Tokyo Gov. Shintaro Ishihara is likely to form a new political party should Prime Minister Junichiro Koizumi lose in the Sept. 20 Liberal Democratic Party presidential election, Ishihara's son said Sunday.

"I think there will be a new Ishihara party," Nobuteru Ishihara, state minister in charge of administrative reform, said on a TV Asahi program.

"If there is anything that blocks Prime Minister Koizumi's track, it would be the end of the LDP" for having lost the public's support, Ishihara said, backing the prime minister.

Koizumi will face at least three challengers in the party presidential election. Former Transport Minister Takao Fujii, former Foreign Minister Masahiko Komura and former party policy affairs chief Shizuka Kamei have thrown their hats into the ring.

It has been widely speculated that the outspoken yet popular Tokyo governor and former Diet member would attempt to return to national politics by launching a new political party.

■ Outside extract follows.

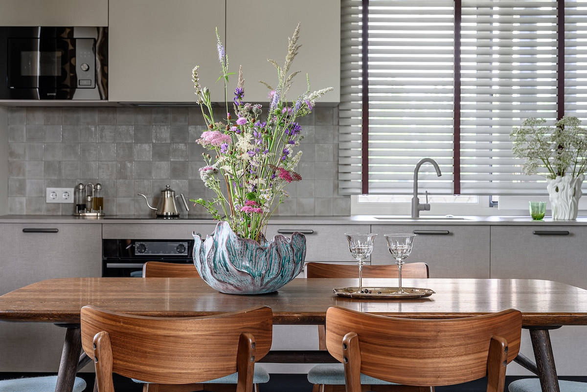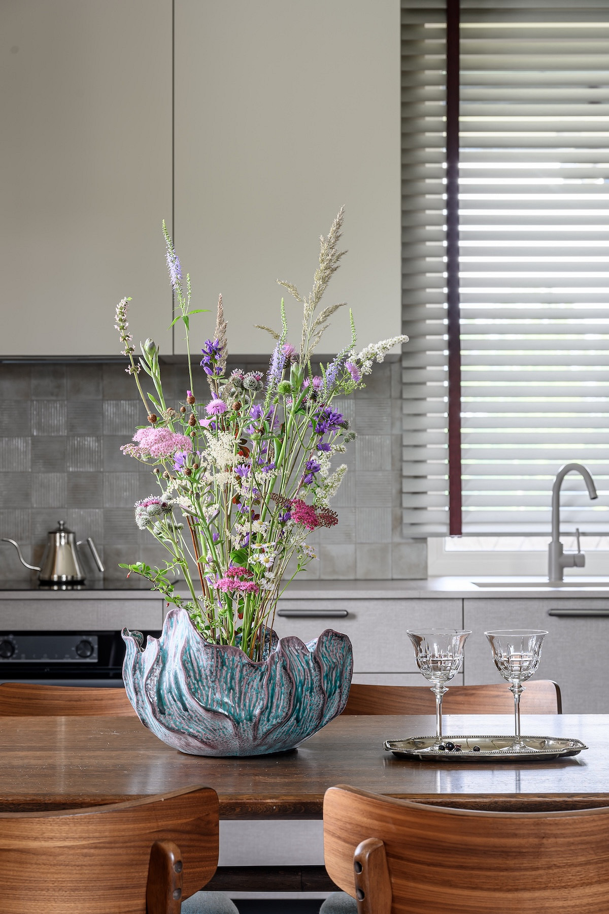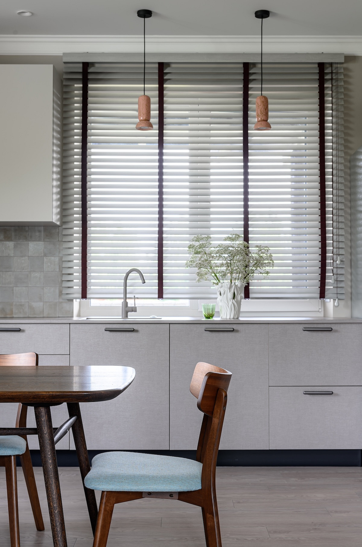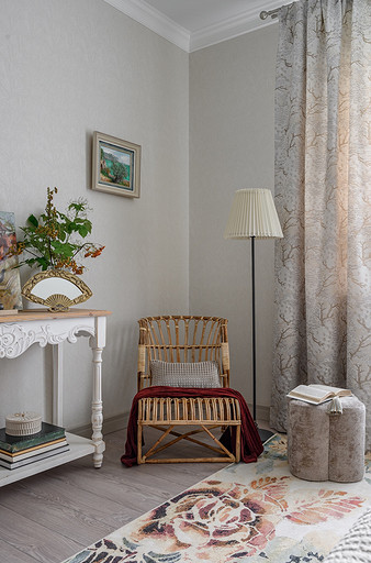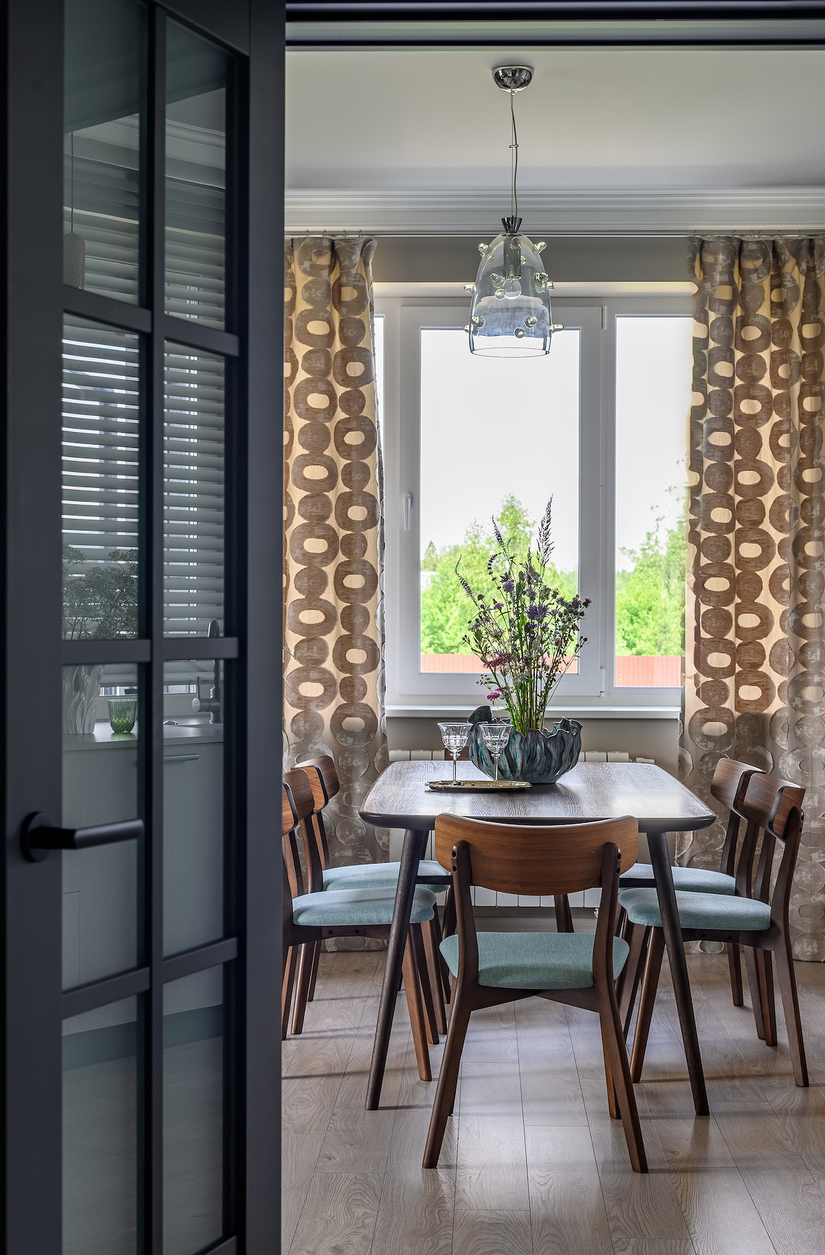 - Мебель: кухня «Стильные кухни», тумба-витрина сделана на заказ, диван «Сонум», кресло divan.ru, столовая группа DeepHouse, плетеные кресла La Redoute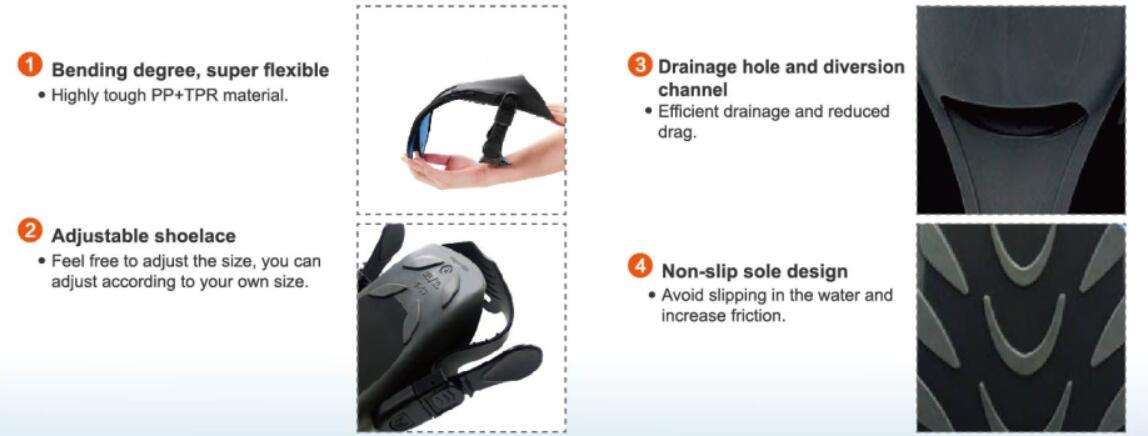 [Instructions for use]: Fins are an auxiliary tool for increasing speed, reducing drag, and propelling power for swimming and diving. The foot-type flippers wrap the entire sole of the foot with a foot cover. The foot cover flippers are softer when snorkeling, which can reduce the flippers to the water surface.

The governor is known for his confrontational style with the national government. Despite his controversial policies and nationalistic and discriminatory comments about non-Japanese, he was re-elected to a second term in April with overwhelming popularity.

"Accomplishments have been made in two years' time," Ishihara said, referring to Koizumi's structural reform promises.

He said the prime minister's reforms of public corporations are efforts to downsize the fiscal investment and loan program, known as the second budget, to downsize the government.